[MATERIAL PROVIDED — start]

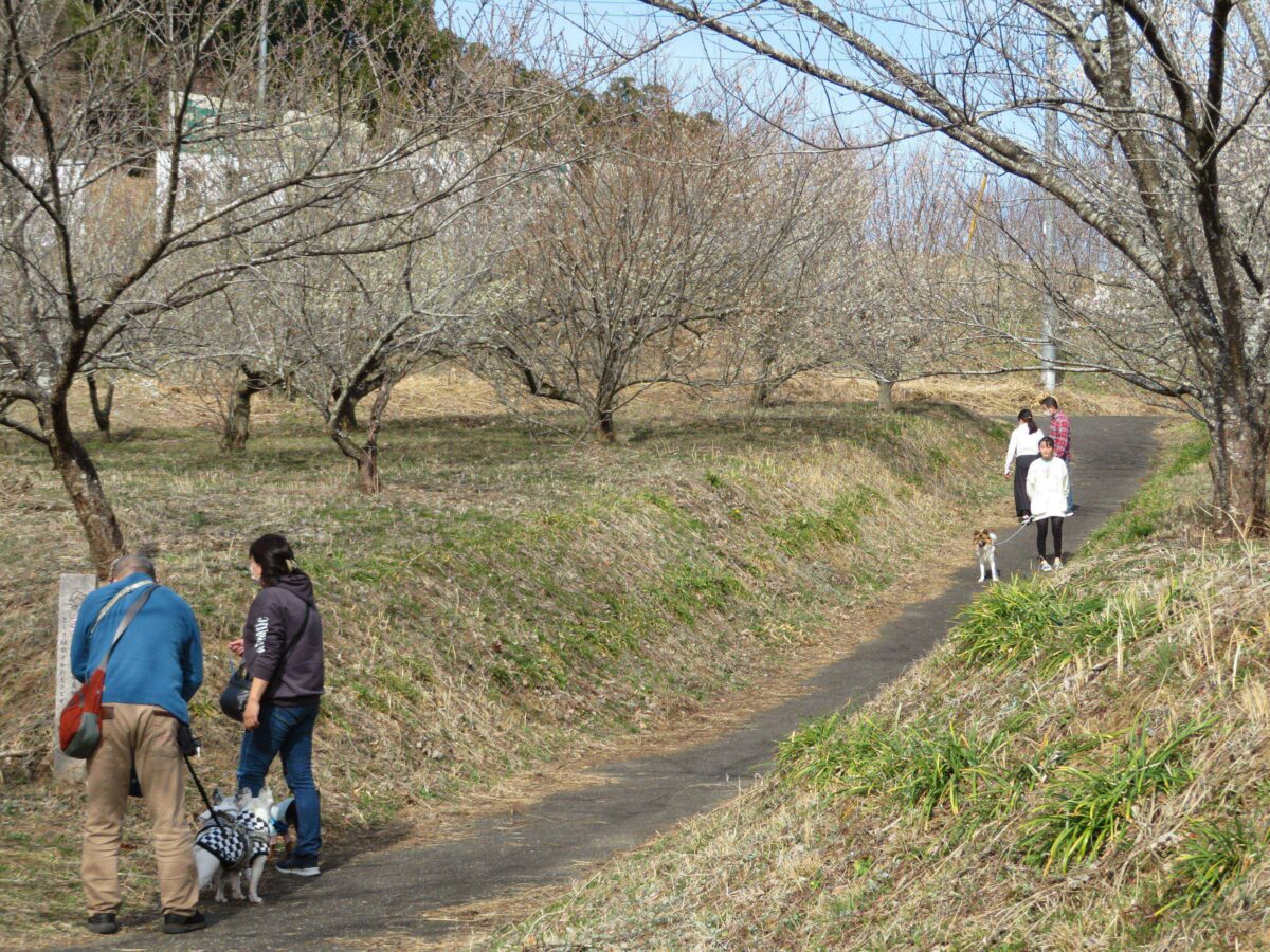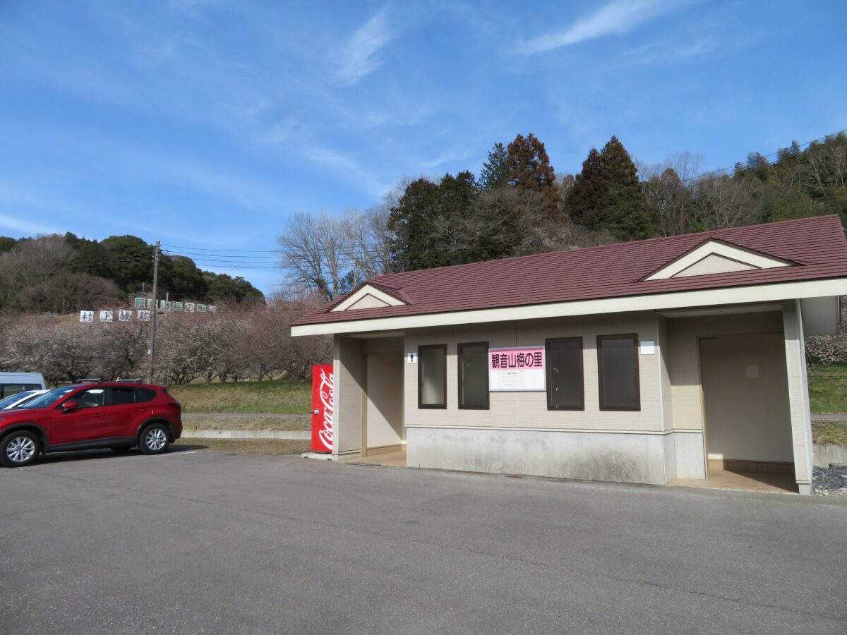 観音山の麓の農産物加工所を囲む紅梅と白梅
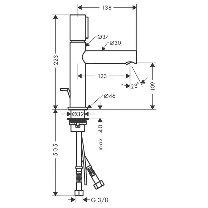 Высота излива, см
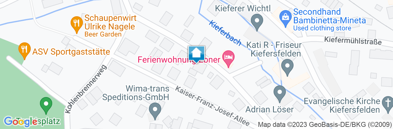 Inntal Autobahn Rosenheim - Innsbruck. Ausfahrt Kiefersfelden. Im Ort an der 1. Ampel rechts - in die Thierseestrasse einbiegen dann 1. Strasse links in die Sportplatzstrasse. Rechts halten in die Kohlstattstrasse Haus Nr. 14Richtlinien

[MATERIAL PROVIDED — finish]

* WHAT IS EXPECTED: All that's required is the material above repeated exactly, minus any picture.

* FINAL ANSWER:
 観音山の麓の農産物加工所を囲む紅梅と白梅
 Высота излива, см
 Inntal Autobahn Rosenheim - Innsbruck. Ausfahrt Kiefersfelden. Im Ort an der 1. Ampel rechts - in die Thierseestrasse einbiegen dann 1. Strasse links in die Sportplatzstrasse. Rechts halten in die Kohlstattstrasse Haus Nr. 14Richtlinien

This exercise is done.